### Directions
Give back an exact copy of the lines in the records below, from the line that has "點擊你的部落格,就會開始擷取" through the line that has "游客在四川省瀘州市江陽區丹林鎮建設村櫻花谷景區游玩。", and nothing besides.

### Records supplied
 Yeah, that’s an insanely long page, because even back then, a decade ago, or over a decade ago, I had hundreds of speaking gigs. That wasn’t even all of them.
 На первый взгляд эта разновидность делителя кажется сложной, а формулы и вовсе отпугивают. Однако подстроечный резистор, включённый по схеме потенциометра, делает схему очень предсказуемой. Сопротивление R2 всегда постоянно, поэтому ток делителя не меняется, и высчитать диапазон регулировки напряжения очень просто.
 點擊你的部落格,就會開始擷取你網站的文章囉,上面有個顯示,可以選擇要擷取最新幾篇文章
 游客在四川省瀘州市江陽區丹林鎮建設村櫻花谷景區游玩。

==

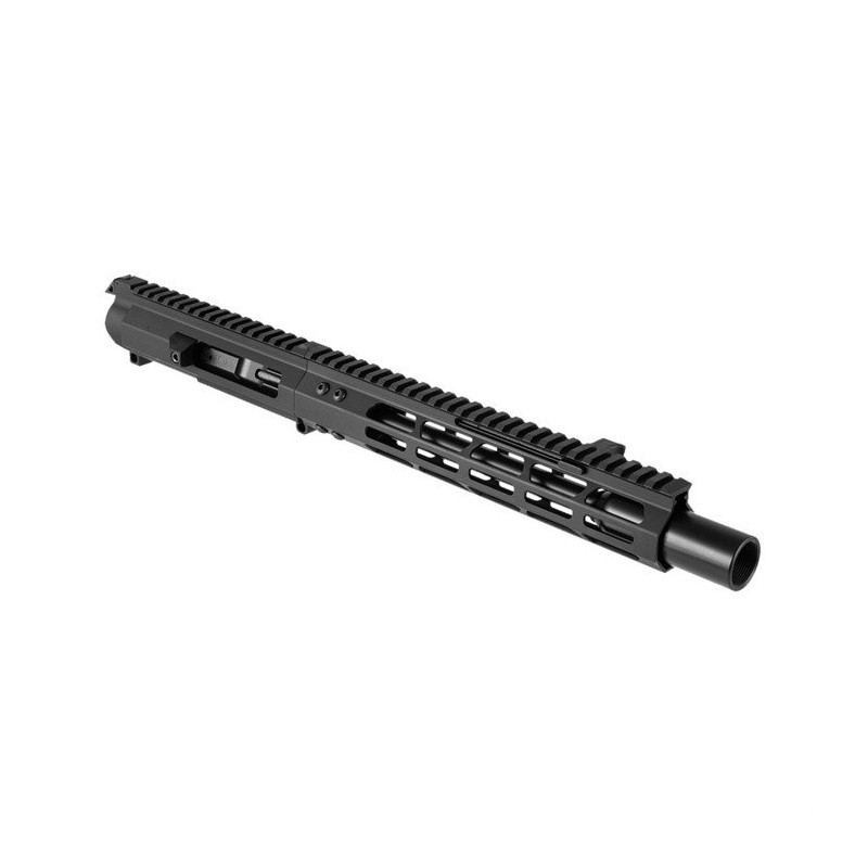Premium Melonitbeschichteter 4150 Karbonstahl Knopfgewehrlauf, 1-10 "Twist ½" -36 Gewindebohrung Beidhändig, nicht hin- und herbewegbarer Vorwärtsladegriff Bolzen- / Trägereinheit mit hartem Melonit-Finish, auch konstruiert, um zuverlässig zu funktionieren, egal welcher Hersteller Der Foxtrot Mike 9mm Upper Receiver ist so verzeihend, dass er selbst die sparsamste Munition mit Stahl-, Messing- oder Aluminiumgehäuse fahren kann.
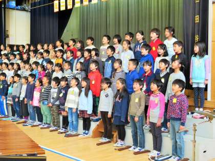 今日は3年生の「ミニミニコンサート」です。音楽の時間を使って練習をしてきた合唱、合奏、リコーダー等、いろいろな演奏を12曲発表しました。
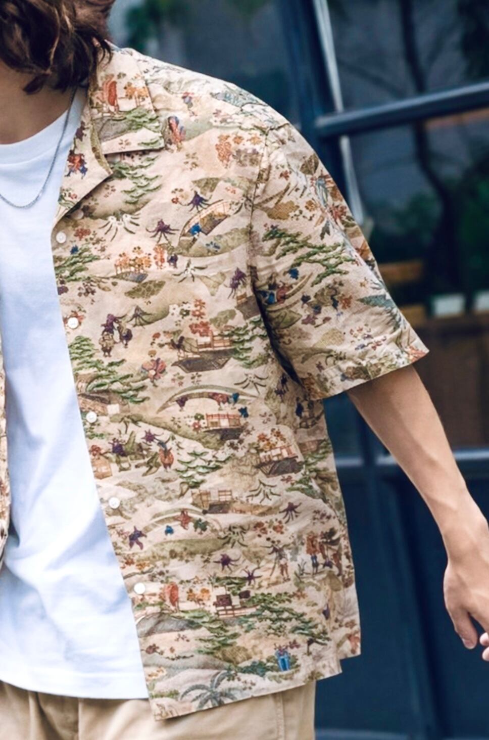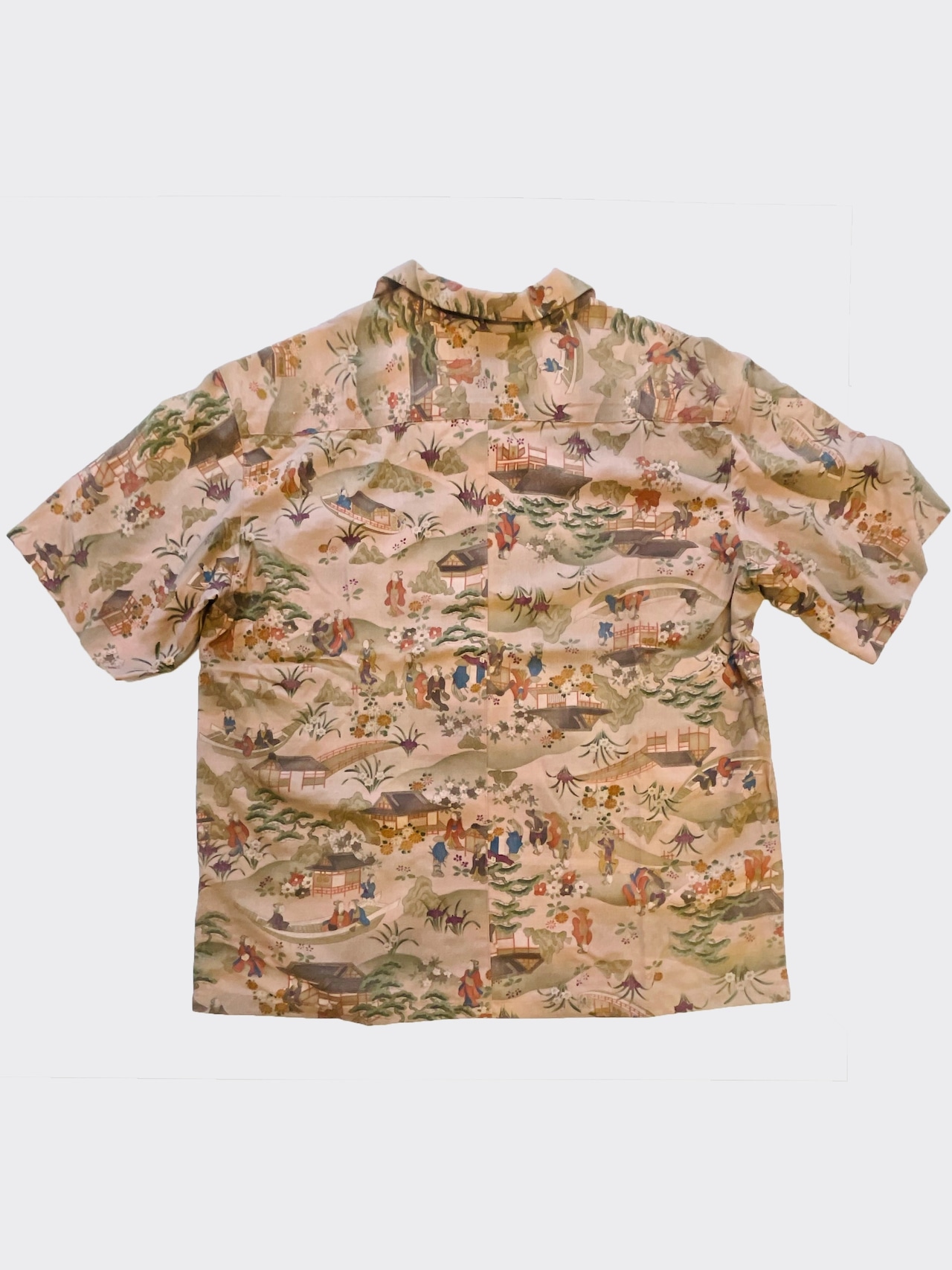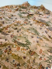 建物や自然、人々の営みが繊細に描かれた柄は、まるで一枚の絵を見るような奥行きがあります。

--

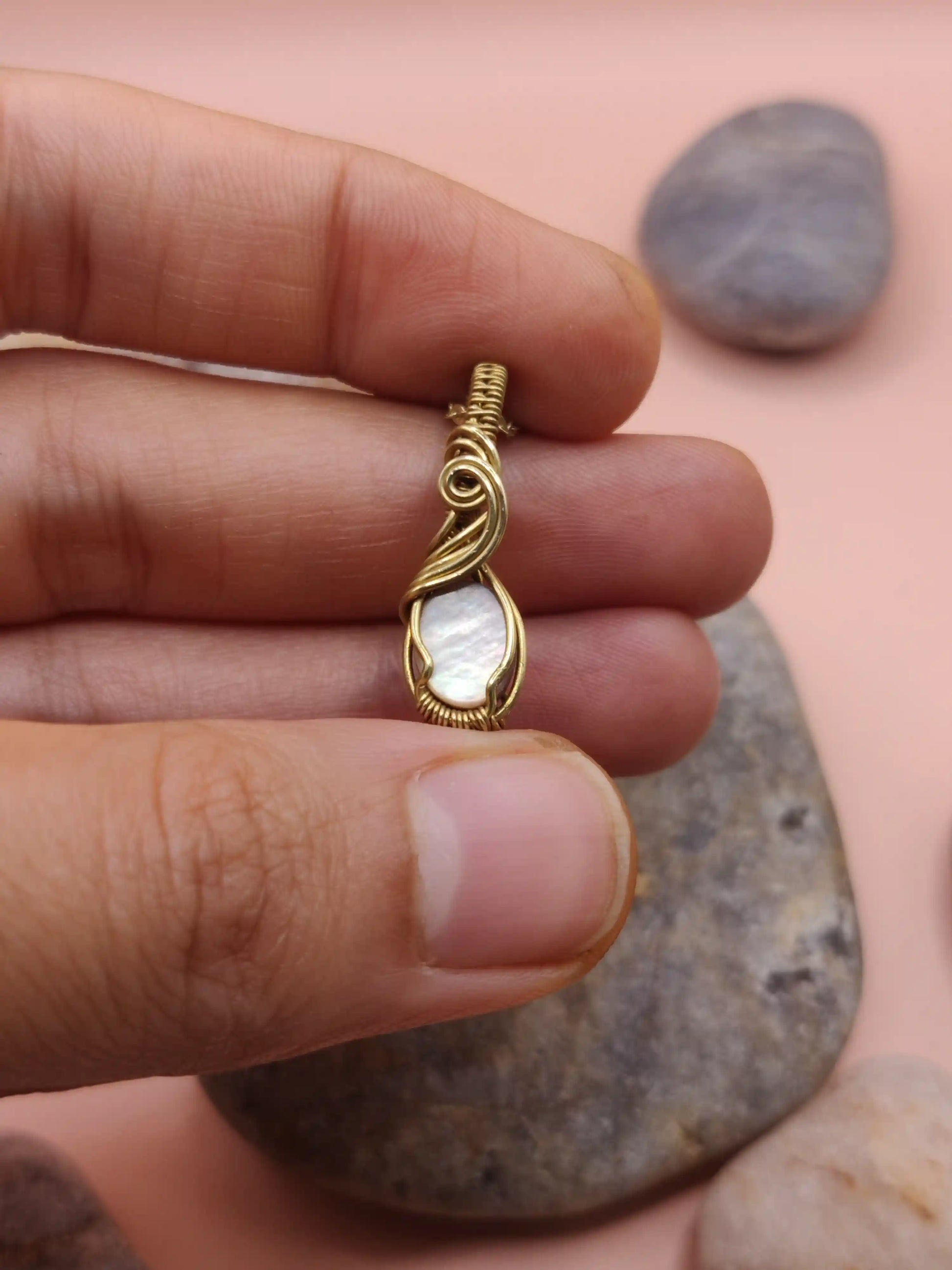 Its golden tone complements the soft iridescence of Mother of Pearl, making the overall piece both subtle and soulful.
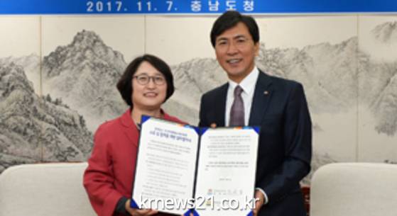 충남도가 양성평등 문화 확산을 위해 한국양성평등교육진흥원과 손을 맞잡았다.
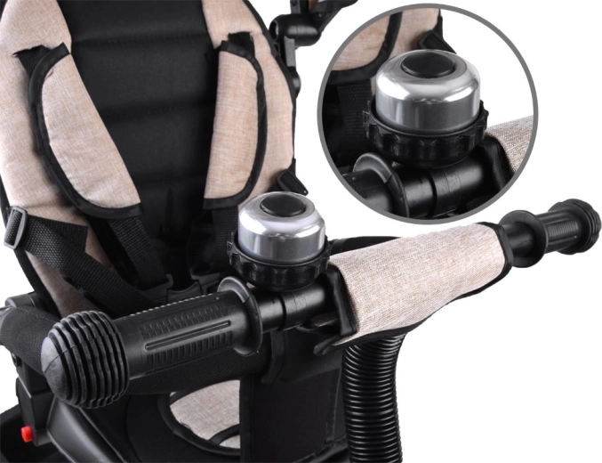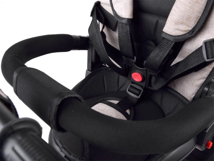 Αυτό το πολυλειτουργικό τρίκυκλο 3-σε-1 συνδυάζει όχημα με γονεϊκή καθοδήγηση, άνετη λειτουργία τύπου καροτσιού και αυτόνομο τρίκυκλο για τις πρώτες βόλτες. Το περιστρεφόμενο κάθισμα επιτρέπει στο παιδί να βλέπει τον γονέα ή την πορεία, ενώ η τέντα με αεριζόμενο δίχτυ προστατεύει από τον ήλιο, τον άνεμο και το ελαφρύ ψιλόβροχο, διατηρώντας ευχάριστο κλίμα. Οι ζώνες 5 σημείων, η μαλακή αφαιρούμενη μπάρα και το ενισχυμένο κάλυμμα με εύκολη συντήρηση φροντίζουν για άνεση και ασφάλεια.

### Task response
 點擊你的部落格,就會開始擷取你網站的文章囉,上面有個顯示,可以選擇要擷取最新幾篇文章
 游客在四川省瀘州市江陽區丹林鎮建設村櫻花谷景區游玩。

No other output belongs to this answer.